Exercise prompt →
Reproduce the listing below exactly. Pictures do not belong in the copy.

Exercise data →

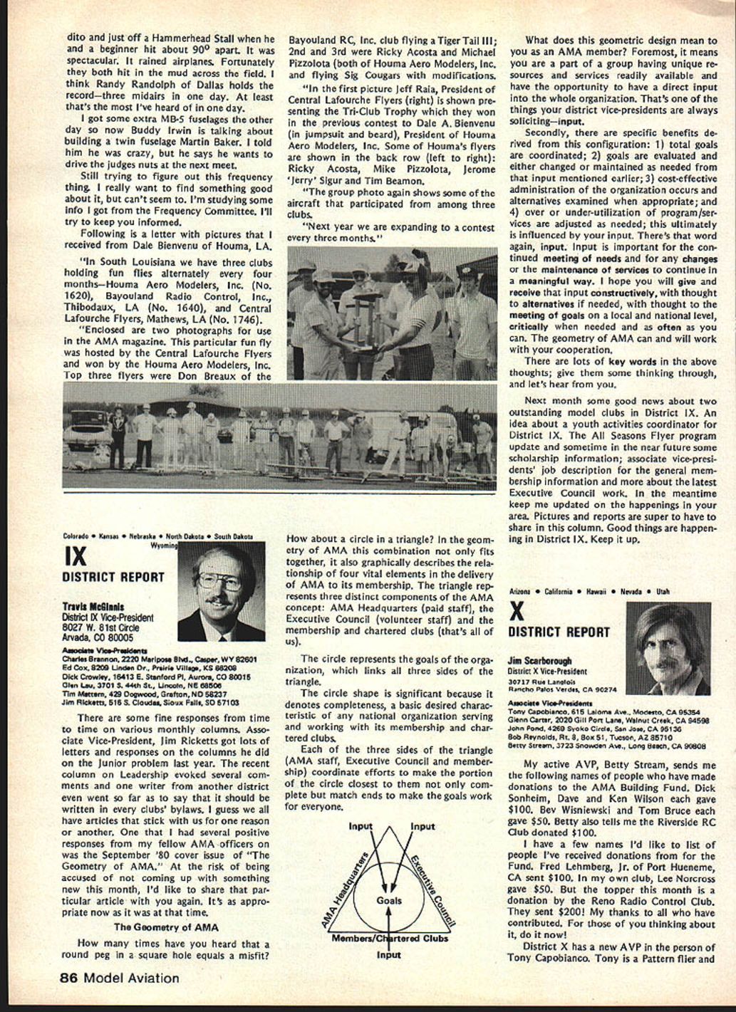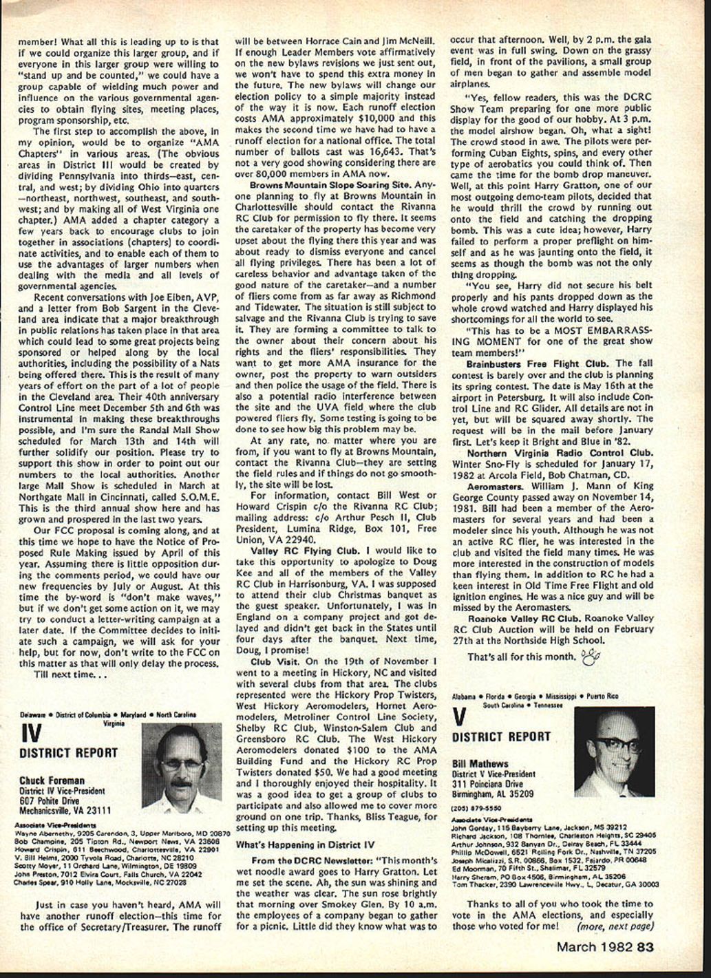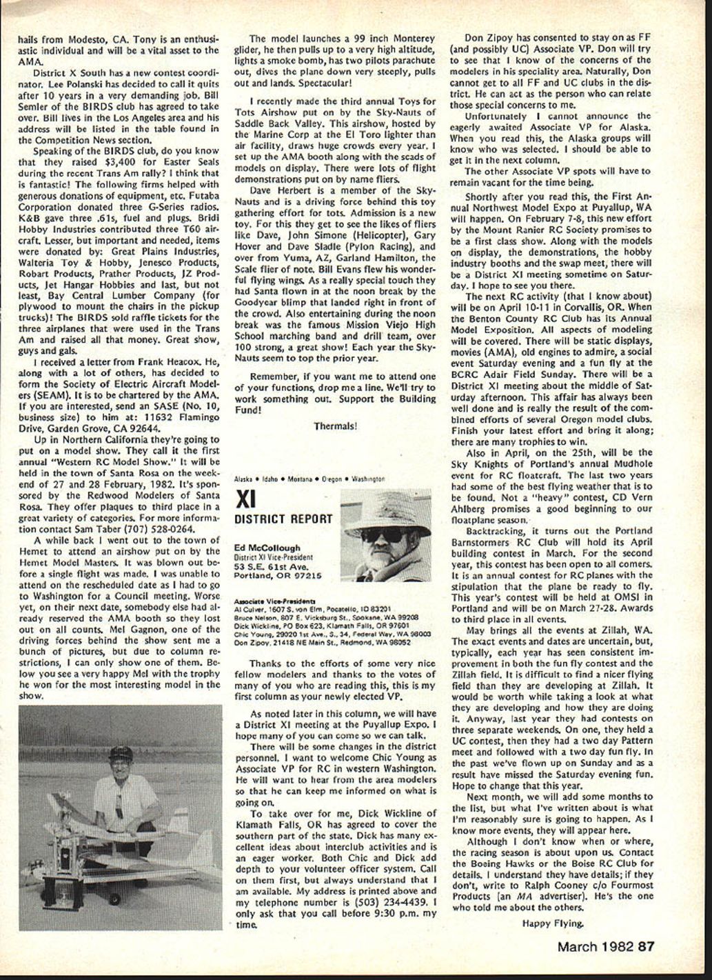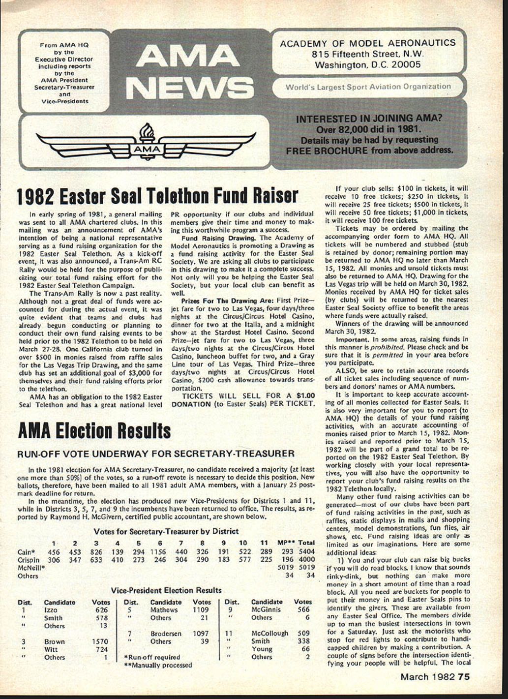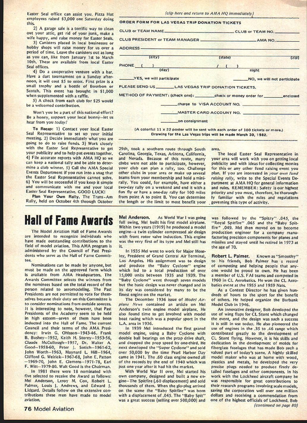 r early spring 1981 general mailing sent AMA chartered clubs mailing announcement AMAs intention being national representative serving fund raising organization 1982 Easter Seal Telethon As kick-off event also announced Trans-Am RC Rally would held purpose publi cizing total fund raising effort 1982 Easter Seal Telethon Campaign Trans-Am Rally now past reality Although great deal funds ac counted during actual event quite evident teams clubs already begun conducting planning conduct own fund raising events held prior 1982 Telethon held March 27-28 California club turned over $500 monies raised raffle sales Las Vegas Trip Drawing same club has set additional goal $3000 themselves fund raising efforts prior telethon AMA has obligation 1982 Easter Seal Telethon has great national level PR opportunity clubs individual members give time money mak ing worthwhile program success Fund Raising Drawing Academy Model Aeronautics promoting Drawing fund raising activity Easter Seal Society asking clubs participate drawing make complete success will helping Easter Seal Society local club can benefit well Prizes Drawing Are First Prize jet fare two Las Vegas four days/three nights Circus/Circus Hotel Casino dinner two Italia midnight show Stardust Hotel Casino Second Prizejet fare two Las Vegas three days/two nights Circus/Circus Hotel Casino luncheon buffet two Gray Line tour Las Vegas Third Prizethree days/two nights Circus/Circus Hotel Casino $200 cash allowance towards trans portation TICKETS WILL SELL FOR $100 DONATION Easter Seals PER TICKET AMA Election Results RUN-OFF VOTE UNDERWAY FOR SECRETARY-TREASURER 1981 election AMA Secretary-Treasurer no candidate received majority least 50% votes run-off revote necessary decide position New ballots therefore have mailed 1981 adult AMA members january25 post mark deadline return meantime election has produced new Vice-Presidents Districts 1 11 Districts 3 5 7 9 incumbents have returned office results re ported Raymond H McGivern certified public accountant shown below Votes Secretary-Treasurer District Cain* Crispin McNeill* Others 123456 4564538261392941156 306347633410273246 78 440326 304290 91011MP**Total 1915222892935404 1835772251964000 50195019 3434 Vice-President Election Results Dist Candidate 1Izzo Smith Others 3Brown Witt Others Votes 626 578 13 1570 724 Dist 5 7 CandidateVotesDist Mathews11099 Others21 Brodersen109711 Others39 *Runoff required **Manually processed Candidate McGinnis Others Votes 566 6 McCollough509 Smith338 Young66 Others2 club sells $100 tickets will receive 10 free tickets $250 tickets will receive 25 free tickets $500 tickets will receive 50 free tickets $1000 tickets will receive 100 free tickets Tickets may ordered mailing accompanying order form AMA HQ tickets will numbered stubbed stub retained donor remaining portion may returned AMA HQ no later March 15 1982 monies unsold tickets must also returned AMA HQ Drawing Las Vegas trip will held March 30 1982 Monies received AMA HQ ticket sales clubs will returned nearest Easter Seal Society office benefit areas funds actually raised Winners drawing will announced March 30 1982 Important some areas raising funds manner prohibited Please check sure permitted area before participate ALSO sure retain accurate records ticket sales including sequence num bers donors names AMA numbers important keep accurate account ing monies collected Easter Seals also very important report AMA HQ details fund raising activities accurate accounting monies raised prior March 15 1982 Mon ies raised reported prior March 15 1982 will part grand total re ported 1982 Easter Seal Telethon working closely local representa tives will also have opportunity report clubs fund raising results 1982 Telethon locally other fund raising activities can generatedmost clubs have part fund raising activities past such raffles static displays malls shopping centers model demonstrations fun flies air shows etc Fund raising ideas limited imaginations some additional ideas 1 club can raise big bucks will road blocks know sounds rinky-dink nothing can make money short amount time road block need buckets people put money Easter Seals pins identify givers available Easter Seal Office members divide up man busiest intersections town Saturday Just ask motorists stop red lights contribute handi capped children making contribution couple signs before intersection identi fying people will helpful local March 198275 AMA HQ Executive Director including reports AMA President Secretary-Treasurer Vice-Presidents L ACADEMY OF MODEL AERONAUTICS 815 Fifteenth Street NW Washington DC 20005 1982 Easter Seal Telethon Fund Raiser Easter Seal office can assist Pizza Hut employees raised $3000 Saturday doing th 2 A garage sale terrific way clean out attic get rid junk make wife happy raise money Easter Seals 3 Canisters placed local businesses hobby shops will raise money us over period time Leave canisters out long can like January 1st March 10th available local Easter Seal offices 4 Do cooperative venture bar Have dart tournament Sunday after noon will cost $5 enter First prize small trophy bottle Bourbon Scotch event has brought $1000 supplemented raffle 5 A check club $25 would welcomed contribution Wont part national effort honey support local bunnylet us hear today Recap 1 Contact local Easter Seal Representative set up initial meeting 2 Decide immediately what going to raise funds 3 Work closely Easter Seal Representative get publicity help put events together 4 File accurate reports AMA HQ can keep national tally able deter club winner 5 Call AMA Special Events Department run snag Easter Seal Representative cannot solve 6 You will successful keep simple communicate local Easter Seal Representative GOOD LUCK Plan Own Rally Trans-Am Rally held October 4th through October clip return AMA HQ immediately - .--.--S-. ORDER FORM FOR LAS VEGAS TRIP DONATION TICKETS CLUB TEAM NAME_________________________ CLUB TEAM NO_________ CLUB PRESIDENT 
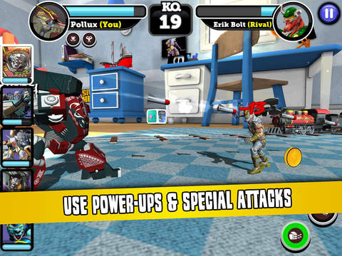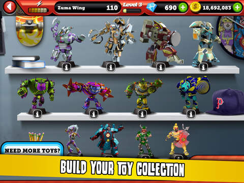 - Personajes de juguete únicos, cada uno con sus propias características y arma especial.
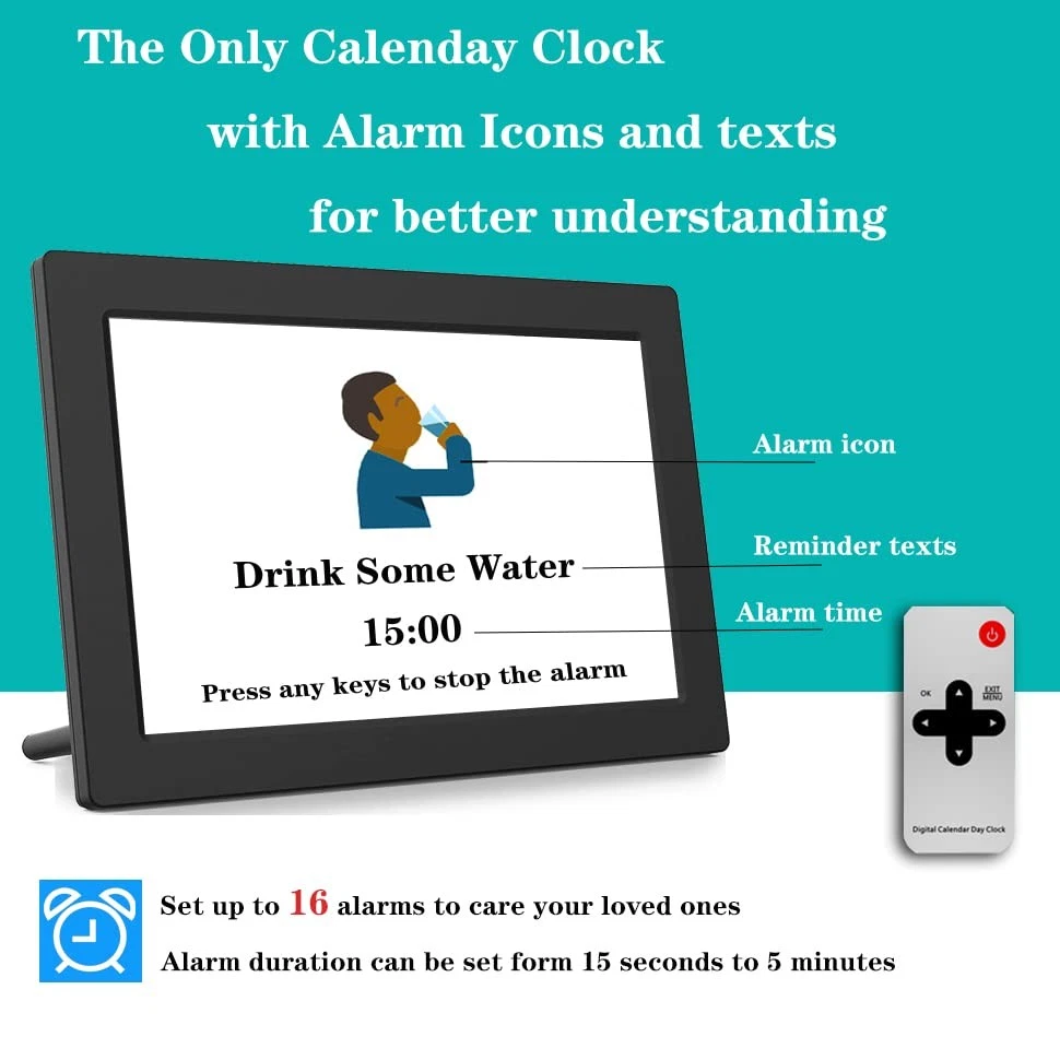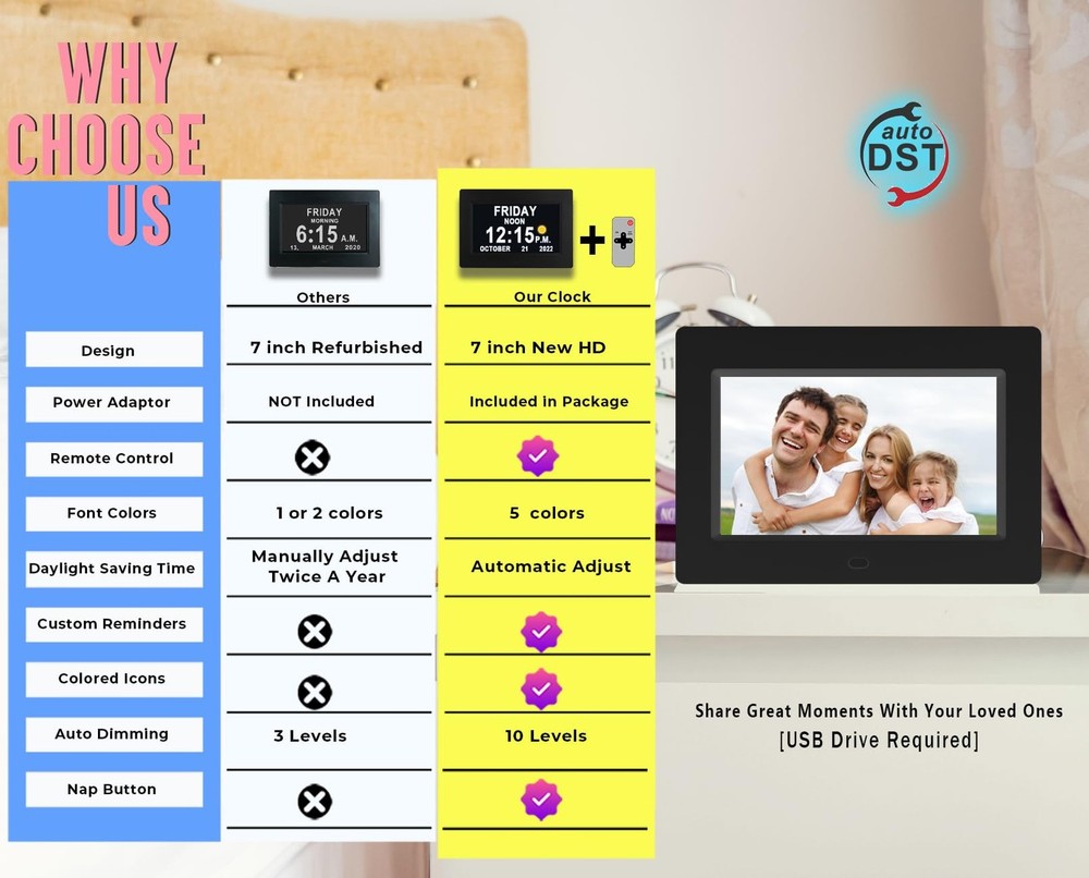 【Best Clock for Seniors or Schoolkids】1280x800 HD Calendar Clock clearly spells out the time, period of the day- no confusing abbreviations! Convenient with remote control and thoughtfully designed themes make this clock ideal for seniors or vision impaired! A nap/sleep button and auto night-dimming is perfect for the midday naps or night sleeps! By display BEFORE DAWN after MIDNIGHT minimizes the problem of seniors getting up & start the day in the wee hours. ✔ BEST CLOCK FOR SENIORS: The high resolution 7 inch digital alarm clock clearly spells out the full DAY of the WEEK, MONTH and DATE, also shows MORNING, AFTERNOON, EVENING, NIGHT, MIDNIGHT & BEFORE DAWN. By displaying BEFORE DAWN after midnight minimizes the problem of seniors getting up & start the day in the wee hours. ✔ Multiple Alarms & Custom Reminders: This digital clock with day and date for elderly comes with reminders of medication and drinking water, and you can custom reminders for your loved ones.It's a great aid to the seniors with dementia or Alzheimers. ✔Auto DST & Time Reset: Our calendar clock is the only one to include Daylight Saving Time, which will automatically adjust time in March and December. The day clock is electric and plug-in-outlet, but it has an internal battery which helps reset time if the power is disconnected. ✔ Easy to Set & Quiet for Sleepers: Our day calendar clock has only 7 buttons and simple setting interface, easy to set for the elderly. The clock has a nap button when you need to take a nap. No ticking sound GREAT for the seniors to get a deep sleep. ✔ Auto-Dimming Options & Multi-Colors: Our calendar clock will auto dim from 8 pm to 6 am to help save energy and protect eyes. You can also adjust brightness levels and text colors (White/Yellow/Green/Orange). Tips: Green and Orange texts have lower contrast than White and yellow, especially during the night time. ✔ Warranty & Support - The words Dementia, Alzheimer's and Memory Loss are intentionally excluded from the packaging, great gift for the seniors or schoolkids. We stand behind the durability of our goods and offer an unconditional 12 months guarantee. This day clock has everything you're hopeing for, So Add It To Your Cart Now !!! **About Battery - our clock is electric (cord included), but has an internal battery which helps automatically save setting in case of power outage.
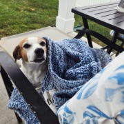 She is an American English Hound mix. She is mainly white but has brownish red spots. She has a heart shaped spot on side, think it’s the left. She is a sweet girl but a bit skiddish.

Exercise result →
 r early spring 1981 general mailing sent AMA chartered clubs mailing announcement AMAs intention being national representative serving fund raising organization 1982 Easter Seal Telethon As kick-off event also announced Trans-Am RC Rally would held purpose publi cizing total fund raising effort 1982 Easter Seal Telethon Campaign Trans-Am Rally now past reality Although great deal funds ac counted during actual event quite evident teams clubs already begun conducting planning conduct own fund raising events held prior 1982 Telethon held March 27-28 California club turned over $500 monies raised raffle sales Las Vegas Trip Drawing same club has set additional goal $3000 themselves fund raising efforts prior telethon AMA has obligation 1982 Easter Seal Telethon has great national level PR opportunity clubs individual members give time money mak ing worthwhile program success Fund Raising Drawing Academy Model Aeronautics promoting Drawing fund raising activity Easter Seal Society asking clubs participate drawing make complete success will helping Easter Seal Society local club can benefit well Prizes Drawing Are First Prize jet fare two Las Vegas four days/three nights Circus/Circus Hotel Casino dinner two Italia midnight show Stardust Hotel Casino Second Prizejet fare two Las Vegas three days/two nights Circus/Circus Hotel Casino luncheon buffet two Gray Line tour Las Vegas Third Prizethree days/two nights Circus/Circus Hotel Casino $200 cash allowance towards trans portation TICKETS WILL SELL FOR $100 DONATION Easter Seals PER TICKET AMA Election Results RUN-OFF VOTE UNDERWAY FOR SECRETARY-TREASURER 1981 election AMA Secretary-Treasurer no candidate received majority least 50% votes run-off revote necessary decide position New ballots therefore have mailed 1981 adult AMA members january25 post mark deadline return meantime election has produced new Vice-Presidents Districts 1 11 Districts 3 5 7 9 incumbents have returned office results re ported Raymond H McGivern certified public accountant shown below Votes Secretary-Treasurer District Cain* Crispin McNeill* Others 123456 4564538261392941156 306347633410273246 78 440326 304290 91011MP**Total 1915222892935404 1835772251964000 50195019 3434 Vice-President Election Results Dist Candidate 1Izzo Smith Others 3Brown Witt Others Votes 626 578 13 1570 724 Dist 5 7 CandidateVotesDist Mathews11099 Others21 Brodersen109711 Others39 *Runoff required **Manually processed Candidate McGinnis Others Votes 566 6 McCollough509 Smith338 Young66 Others2 club sells $100 tickets will receive 10 free tickets $250 tickets will receive 25 free tickets $500 tickets will receive 50 free tickets $1000 tickets will receive 100 free tickets Tickets may ordered mailing accompanying order form AMA HQ tickets will numbered stubbed stub retained donor remaining portion may returned AMA HQ no later March 15 1982 monies unsold tickets must also returned AMA HQ Drawing Las Vegas trip will held March 30 1982 Monies received AMA HQ ticket sales clubs will returned nearest Easter Seal Society office benefit areas funds actually raised Winners drawing will announced March 30 1982 Important some areas raising funds manner prohibited Please check sure permitted area before participate ALSO sure retain accurate records ticket sales including sequence num bers donors names AMA numbers important keep accurate account ing monies collected Easter Seals also very important report AMA HQ details fund raising activities accurate accounting monies raised prior March 15 1982 Mon ies raised reported prior March 15 1982 will part grand total re ported 1982 Easter Seal Telethon working closely local representa tives will also have opportunity report clubs fund raising results 1982 Telethon locally other fund raising activities can generatedmost clubs have part fund raising activities past such raffles static displays malls shopping centers model demonstrations fun flies air shows etc Fund raising ideas limited imaginations some additional ideas 1 club can raise big bucks will road blocks know sounds rinky-dink nothing can make money short amount time road block need buckets people put money Easter Seals pins identify givers available Easter Seal Office members divide up man busiest intersections town Saturday Just ask motorists stop red lights contribute handi capped children making contribution couple signs before intersection identi fying people will helpful local March 198275 AMA HQ Executive Director including reports AMA President Secretary-Treasurer Vice-Presidents L ACADEMY OF MODEL AERONAUTICS 815 Fifteenth Street NW Washington DC 20005 1982 Easter Seal Telethon Fund Raiser Easter Seal office can assist Pizza Hut employees raised $3000 Saturday doing th 2 A garage sale terrific way clean out attic get rid junk make wife happy raise money Easter Seals 3 Canisters placed local businesses hobby shops will raise money us over period time Leave canisters out long can like January 1st March 10th available local Easter Seal offices 4 Do cooperative venture bar Have dart tournament Sunday after noon will cost $5 enter First prize small trophy bottle Bourbon Scotch event has brought $1000 supplemented raffle 5 A check club $25 would welcomed contribution Wont part national effort honey support local bunnylet us hear today Recap 1 Contact local Easter Seal Representative set up initial meeting 2 Decide immediately what going to raise funds 3 Work closely Easter Seal Representative get publicity help put events together 4 File accurate reports AMA HQ can keep national tally able deter club winner 5 Call AMA Special Events Department run snag Easter Seal Representative cannot solve 6 You will successful keep simple communicate local Easter Seal Representative GOOD LUCK Plan Own Rally Trans-Am Rally held October 4th through October clip return AMA HQ immediately - .--.--S-. ORDER FORM FOR LAS VEGAS TRIP DONATION TICKETS CLUB TEAM NAME_________________________ CLUB TEAM NO_________ CLUB PRESIDENT 
 - Personajes de juguete únicos, cada uno con sus propias características y arma especial.
 【Best Clock for Seniors or Schoolkids】1280x800 HD Calendar Clock clearly spells out the time, period of the day- no confusing abbreviations! Convenient with remote control and thoughtfully designed themes make this clock ideal for seniors or vision impaired! A nap/sleep button and auto night-dimming is perfect for the midday naps or night sleeps! By display BEFORE DAWN after MIDNIGHT minimizes the problem of seniors getting up & start the day in the wee hours. ✔ BEST CLOCK FOR SENIORS: The high resolution 7 inch digital alarm clock clearly spells out the full DAY of the WEEK, MONTH and DATE, also shows MORNING, AFTERNOON, EVENING, NIGHT, MIDNIGHT & BEFORE DAWN. By displaying BEFORE DAWN after midnight minimizes the problem of seniors getting up & start the day in the wee hours. ✔ Multiple Alarms & Custom Reminders: This digital clock with day and date for elderly comes with reminders of medication and drinking water, and you can custom reminders for your loved ones.It's a great aid to the seniors with dementia or Alzheimers. ✔Auto DST & Time Reset: Our calendar clock is the only one to include Daylight Saving Time, which will automatically adjust time in March and December. The day clock is electric and plug-in-outlet, but it has an internal battery which helps reset time if the power is disconnected. ✔ Easy to Set & Quiet for Sleepers: Our day calendar clock has only 7 buttons and simple setting interface, easy to set for the elderly. The clock has a nap button when you need to take a nap. No ticking sound GREAT for the seniors to get a deep sleep. ✔ Auto-Dimming Options & Multi-Colors: Our calendar clock will auto dim from 8 pm to 6 am to help save energy and protect eyes. You can also adjust brightness levels and text colors (White/Yellow/Green/Orange). Tips: Green and Orange texts have lower contrast than White and yellow, especially during the night time. ✔ Warranty & Support - The words Dementia, Alzheimer's and Memory Loss are intentionally excluded from the packaging, great gift for the seniors or schoolkids. We stand behind the durability of our goods and offer an unconditional 12 months guarantee. This day clock has everything you're hopeing for, So Add It To Your Cart Now !!! **About Battery - our clock is electric (cord included), but has an internal battery which helps automatically save setting in case of power outage.
 She is an American English Hound mix. She is mainly white but has brownish red spots. She has a heart shaped spot on side, think it’s the left. She is a sweet girl but a bit skiddish.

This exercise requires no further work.